[[ Dataset section, beginning ]]
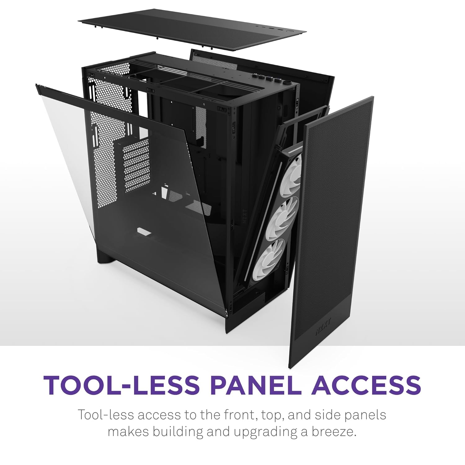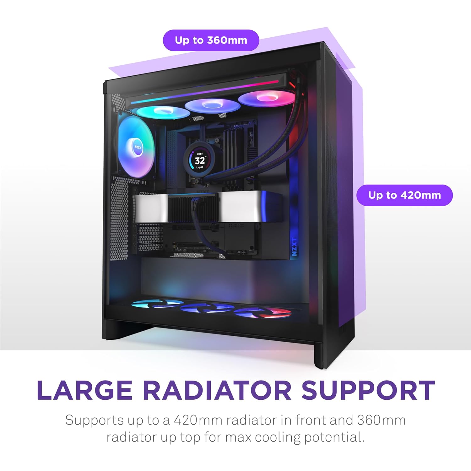 NZXT H7 Flow RGB 2024 Mid-Tower ATX Airflow Case – Includes 360mm RGB Single-Frame Fan Unit | Supports Bottom Fans for Dedicated GPU Cooling – Cable Management – Black – CM-H72FB-R1
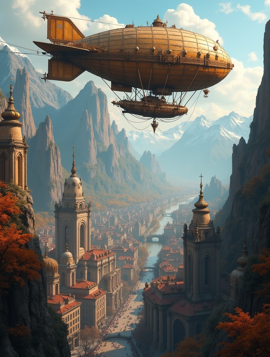 Плавно парящий в бодрящем сентябрьском утреннем воздухе дирижабль в стиле стимпанк открывает захватывающий вид на оживленный город, раскинувшийся среди величественных гор. Город внизу - это чудо замысловатых орнаментов и узоров, создающих ощущение предельного уюта. Светильники в викторианском стиле придают элегантности динамичному движению жителей города. Эта яркая сцена, напоминающая картину, передает красоту и замысловатость потрясающего мегаполиса в стиле стимпанк с непревзойденной детализацией и качеством исполнения.
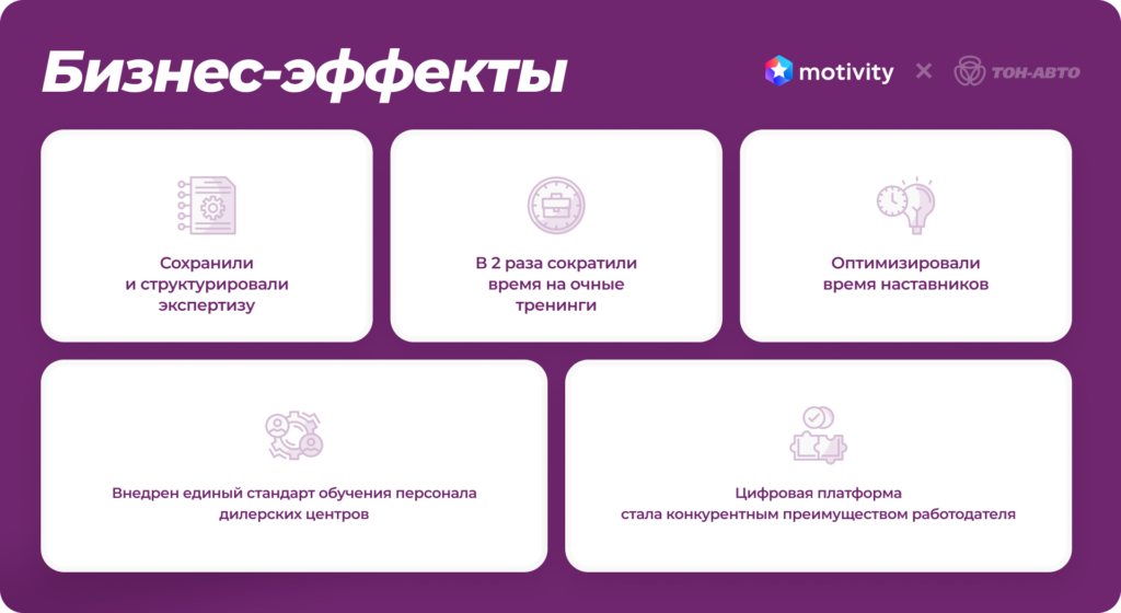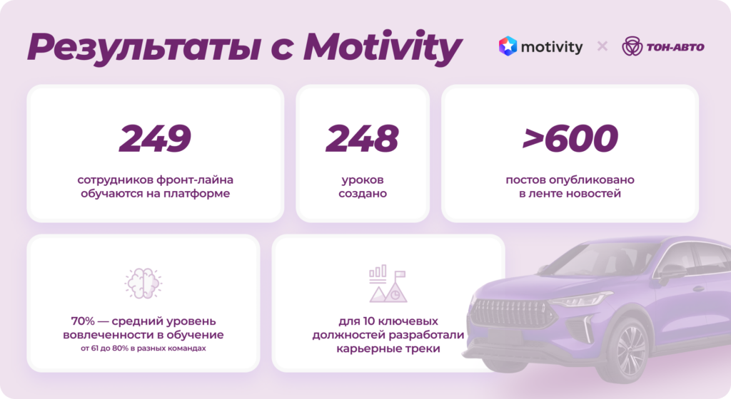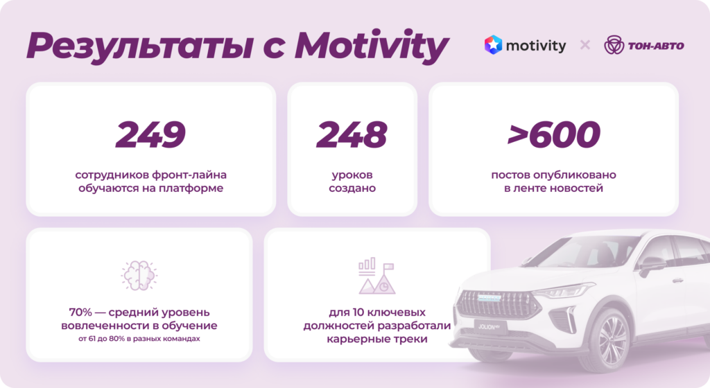 Группа компаний «Тон-Авто» — один из крупнейших автодилеров Поволжья — использует платформу Motivity уже 3 года. За это время компания не только преодолела кризис автомобильного рынка 2022 года, но и выстроила системное обучение для 250 сотрудников, разработала профессиональные треки для 10 ключевых должностей и запустила уникальные онлайн-марафоны, которые повысили вовлеченность команды.
[[ Dataset section, end ]]
* **Exercise instructions**: Set down the material again exactly. Don't carry over any pictures.

* **Answer space**:
 NZXT H7 Flow RGB 2024 Mid-Tower ATX Airflow Case – Includes 360mm RGB Single-Frame Fan Unit | Supports Bottom Fans for Dedicated GPU Cooling – Cable Management – Black – CM-H72FB-R1
 Плавно парящий в бодрящем сентябрьском утреннем воздухе дирижабль в стиле стимпанк открывает захватывающий вид на оживленный город, раскинувшийся среди величественных гор. Город внизу - это чудо замысловатых орнаментов и узоров, создающих ощущение предельного уюта. Светильники в викторианском стиле придают элегантности динамичному движению жителей города. Эта яркая сцена, напоминающая картину, передает красоту и замысловатость потрясающего мегаполиса в стиле стимпанк с непревзойденной детализацией и качеством исполнения.
 Группа компаний «Тон-Авто» — один из крупнейших автодилеров Поволжья — использует платформу Motivity уже 3 года. За это время компания не только преодолела кризис автомобильного рынка 2022 года, но и выстроила системное обучение для 250 сотрудников, разработала профессиональные треки для 10 ключевых должностей и запустила уникальные онлайн-марафоны, которые повысили вовлеченность команды.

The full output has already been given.